Promote food waste reduction at source as well as recycling, Hong Kong green group urges government
Hong Kong Free Press
The government should encourage Hongkongers to reduce food waste at source while also promoting recycling, the founder of environmental group The Green Earth has said.
“By letting the public understand both ways to deal with waste, then the outcome, the effect, will be much better,” Edwin Lau of The Green Earth said on government-backed broadcaster RTHK’s Hong Kong Today programme on Thursday.
Lau’s comments came after the issue of food waste recycling was raised in the Legislative Council. Responding to questions asked by lawmaker Dennis Leung on Wednesday, Secretary for Environment and Ecology Tse Chin-wan said that the amount of food waste recycled in Hong Kong was “increasing progressively,” with an average of around 270 tonnes recovered daily in May, “representing an increase of about 60 per cent compared to last year.”
However, 270 tonnes is just 8 per cent of the 3,302 tonnes sent to landfill daily in 2022, the last year for which waste statistics are currently available. Food waste accounts for about 30 per cent of the municipal solid waste generated in Hong Kong per day, about 70 per cent of which is produced in Hongkongers’ homes.
To combat this, the Environmental Protection Department (EPD) has in recent years enhanced food waste collection points, with some 1,100 currently set up across the city, according to Tse.
Smart food waste collection bins have been installed at over 90 per cent of Hong Kong’s public housing estates, and the EPD aims to install one such bin at every government-subsidised housing block within two years. Private residential buildings can apply for funding to establish the smart food waste bins.

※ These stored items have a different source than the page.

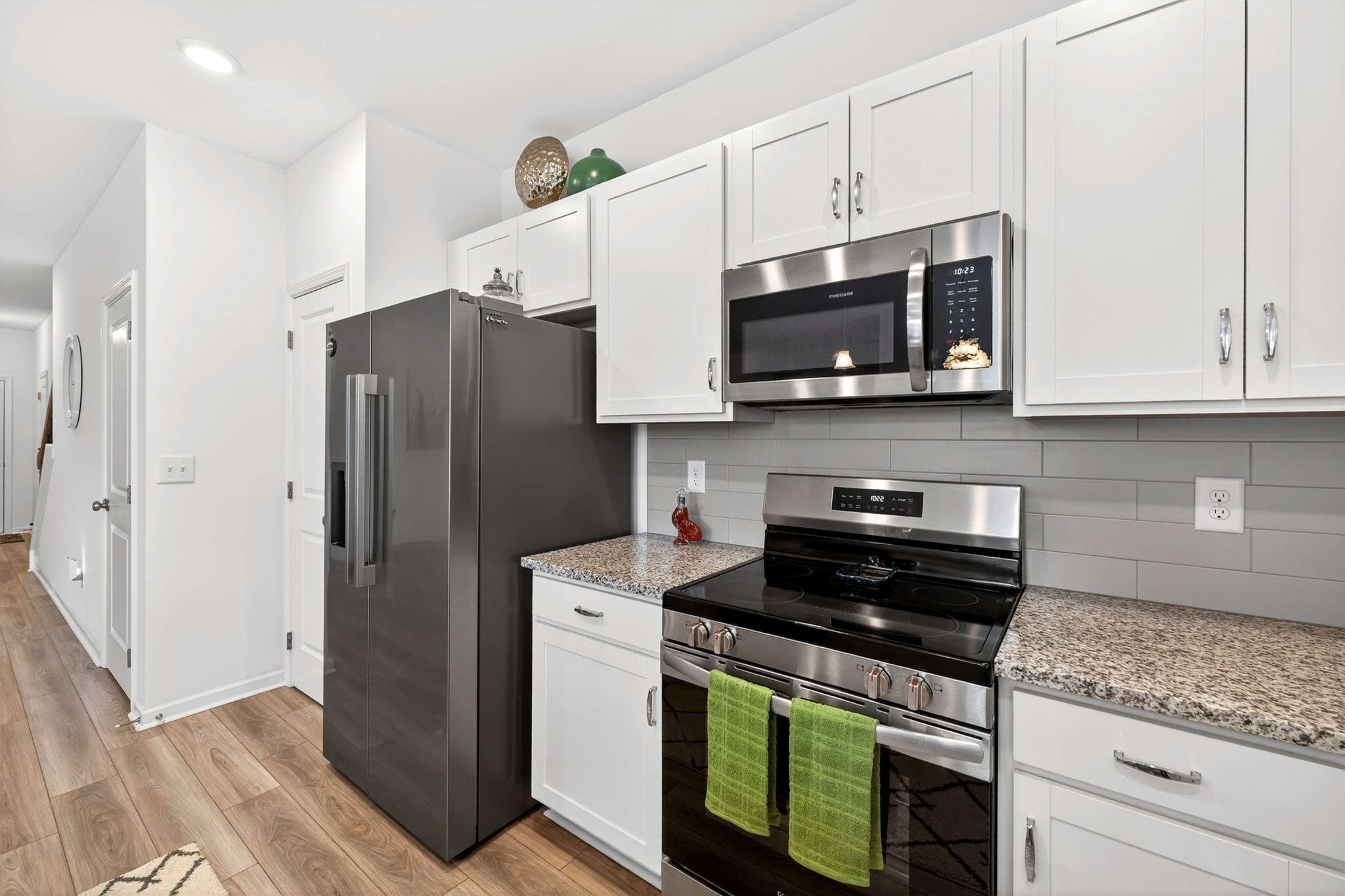 - Electric Oven, Electric Range, Dishwasher, Disposal, Microwave, Stainless Steel Appliance(s)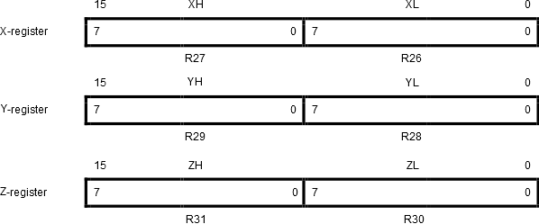The registers R26...R31 have some added functions to their general purpose usage. These registers are 16-bit address pointers for indirect addressing of the data space. The three indirect address registers X, Y, and Z are defined as described in the figure.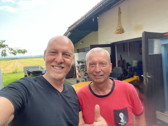 Er wohnte nur ein paar Meter von der Stelle entfernt. Ich folgte ihm, stellte mein Rad bei ihm ab und dann fuhren wir nach Prebold. Das waren nur gut 3-4 km.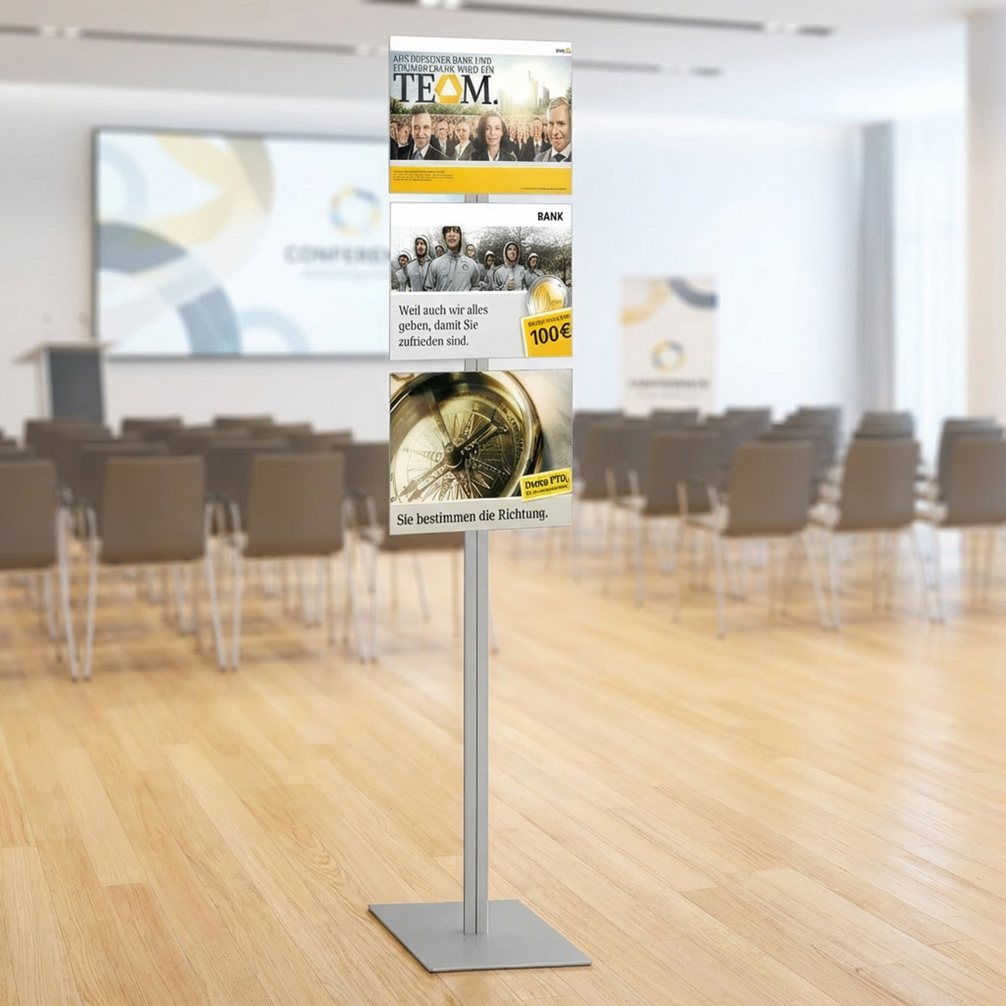 De randloze posterdisplay, de vlakke posterpocket en het slanke ontwerp benadrukken wat er echt toe doet: jouw informatie!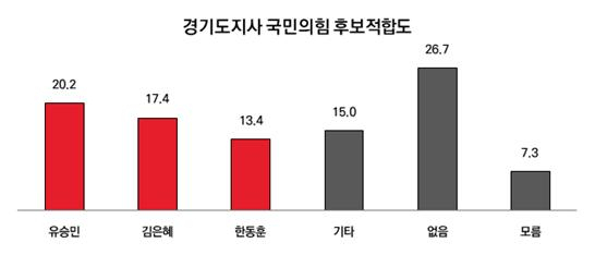 경기도지사 국민의힘 적합후보 질문에서는 유승민 전 의원이 20.2%로 1위를 기록했다. 뒤를 이어 김은혜 의원(17.4%), 한동훈 전 대표(13.4%) 순이었다. '적합인물 없음'은 26.7%, '모름'은 7.3%였다. 응답자의 30.6% 비율인 국민의힘 지지층에서는 김은혜 의원(36.2%), 한동훈(24.7%), 유승민(7.8%) 순으로 나타났다.

“We welcome the government’s plans to expand the food waste recovery bins for all public housing estates, but the time line can be a bit faster than two years,” Lau told RTHK, adding that the government should also expand the food waste collection network to other types of residential building, including those without any formal property management.
“Placing food waste smart recycling bins, no matter in public housing estate or private estates, it’s not rocket science, it’s quite simple… I don’t think it takes a lot of time,” Lau said.
Hong Kong’s food waste treatment and composting capacity was also an issue, Lau said. He projected the city would have the facilities to handle about 600 tonnes per day by the end of the year, far below the 3,302 tonnes landfilled daily in 2002.
Lau urged the government to “step up other public education and promote the proper way to address food waste, [which] is not just recycling but to avoid the generation of food waste at the source.”
See also: How big is Hong Kong’s waste problem, and how much does it recycle?
The government last month placed a long-discussed waste charging scheme on indefinite hold, saying “society is not prepared.” It was supposed to be introduced in August, a start-date already postponed from April, but faced opposition from the public and many establishment figures.
Designed to reduce domestic waste by requiring people to pay for what they dispose of through the use of designated bags, the delayed tax did appear to have made an impact. Awareness of recycling in Hong Kong “has been increasing quite rapidly in the last couple of months,” Lau said.